En muchas PTAR, la aireación es el componente que más pesa en la factura eléctrica. Optimizarla es una de las maneras más directas de mejorar el tratamiento de aguas residuales sin cambiar toda la planta. El objetivo no es “meter más aire”, sino meter el aire correcto, en el momento correcto, con el equipo correcto.

El primer paso es revisar el estado de difusores y líneas. Difusores sucios o con incrustaciones requieren más presión para entregar el mismo oxígeno; eso obliga al soplador a trabajar más, consumiendo más energía. Un programa de limpieza y revisión periódica suele dar mejoras rápidas.

Segundo: evita operar con “setpoints fijos” cuando tu carga cambia por horarios o temporadas. Si el caudal y la carga suben y bajan, la aireación debería acompañar. Aquí ayuda un control básico: medir caudal y pH, registrar patrones y ajustar horarios. Muchas plantas se sobreactúan por miedo: airean al máximo “por si acaso”, lo cual estabiliza, pero cuesta caro.

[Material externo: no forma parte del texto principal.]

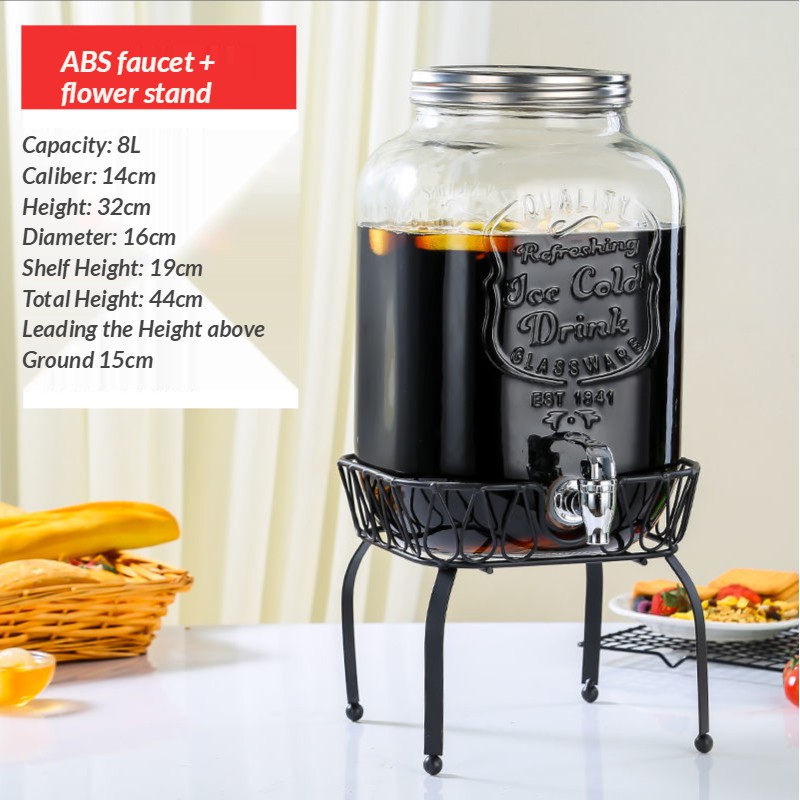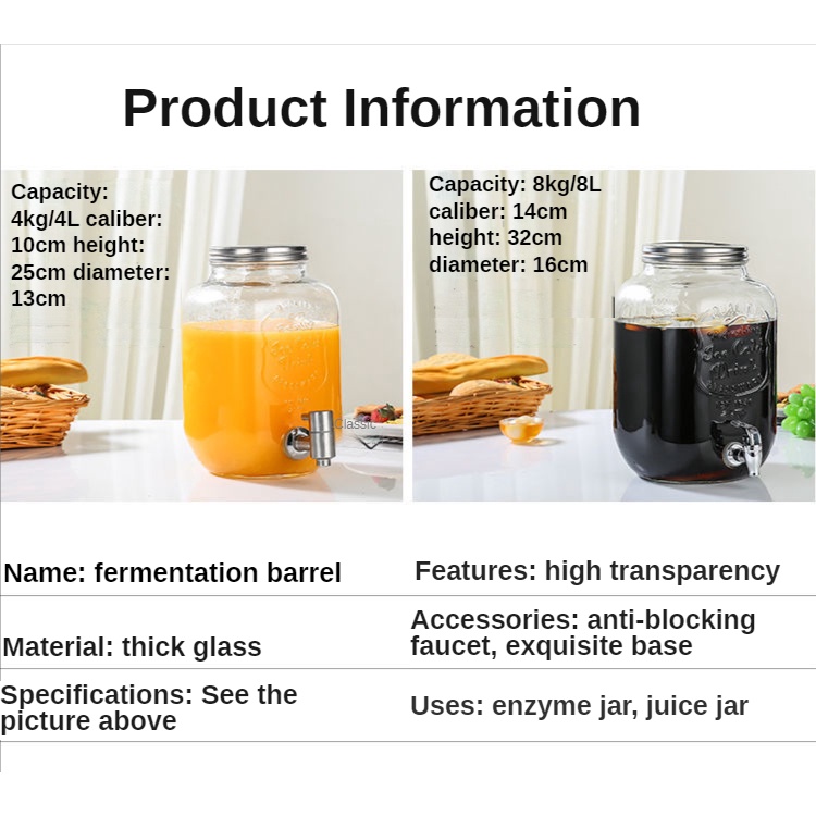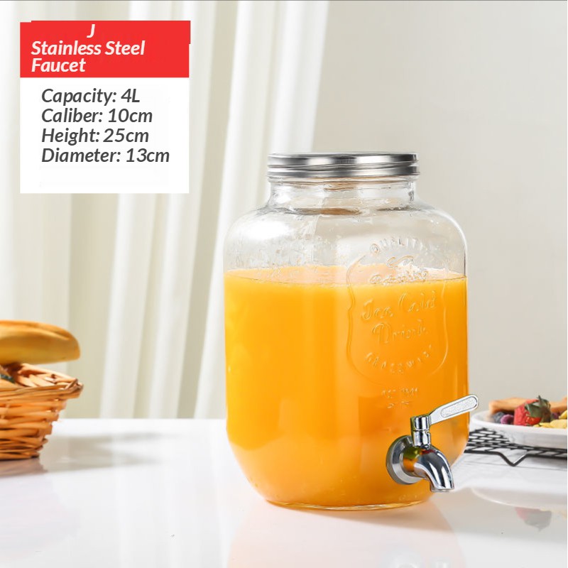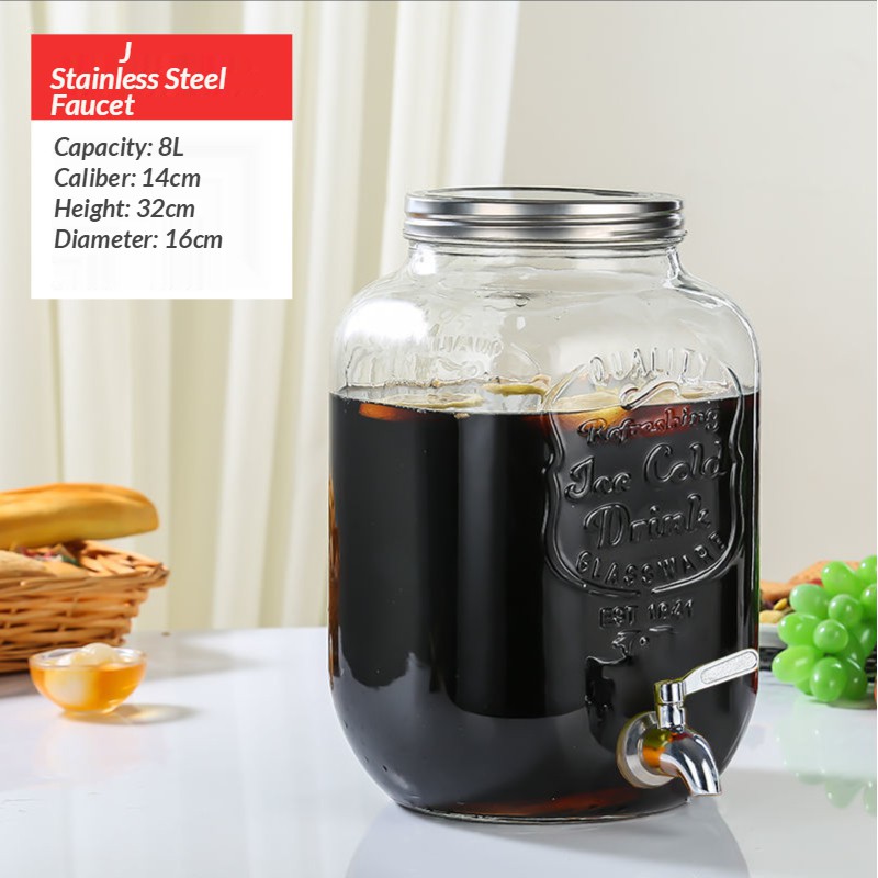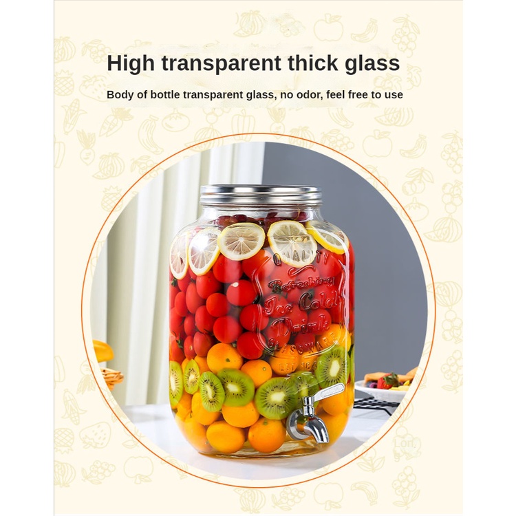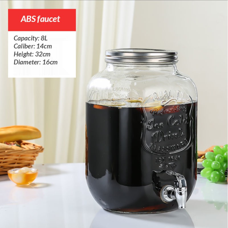 jug water dispenser water jug juice dispenser Glass Wine Fermentation Jar with Faucet Table Cold Water Beverage Barrel Lemon Juice Jar Coke Bucket Fruit Tea Barrel Container

Tercero: revisa el soplador. Vibraciones, ruidos anormales o calentamiento pueden indicar desgaste. Un soplador en mal estado no solo consume más; también aumenta el riesgo de paro. Si el soplador se detiene, el proceso biológico puede perder estabilidad y el olor aparece rápido.

Cuarto: protege la etapa biológica con buen pretratamiento. Si entran grasas y sólidos, la transferencia de oxígeno cae y necesitas más aire para compensar. En otras palabras: un pretratamiento descuidado “encarece” la aireación.

Optimizar aireación no es solo ahorro; es estabilidad. Cuando el oxígeno es adecuado, el proceso degrada mejor, el lodo se comporta mejor y el efluente es más consistente.

¿Por qué la aireación consume tanto? Por sopladores trabajando más de lo necesario o con baja eficiencia.

¿Cómo sé si está mal? Olor, espuma, efluente inestable y consumo eléctrico alto.

¿Qué mejora más rápido? Limpieza de difusores, ajuste de horarios y control por carga.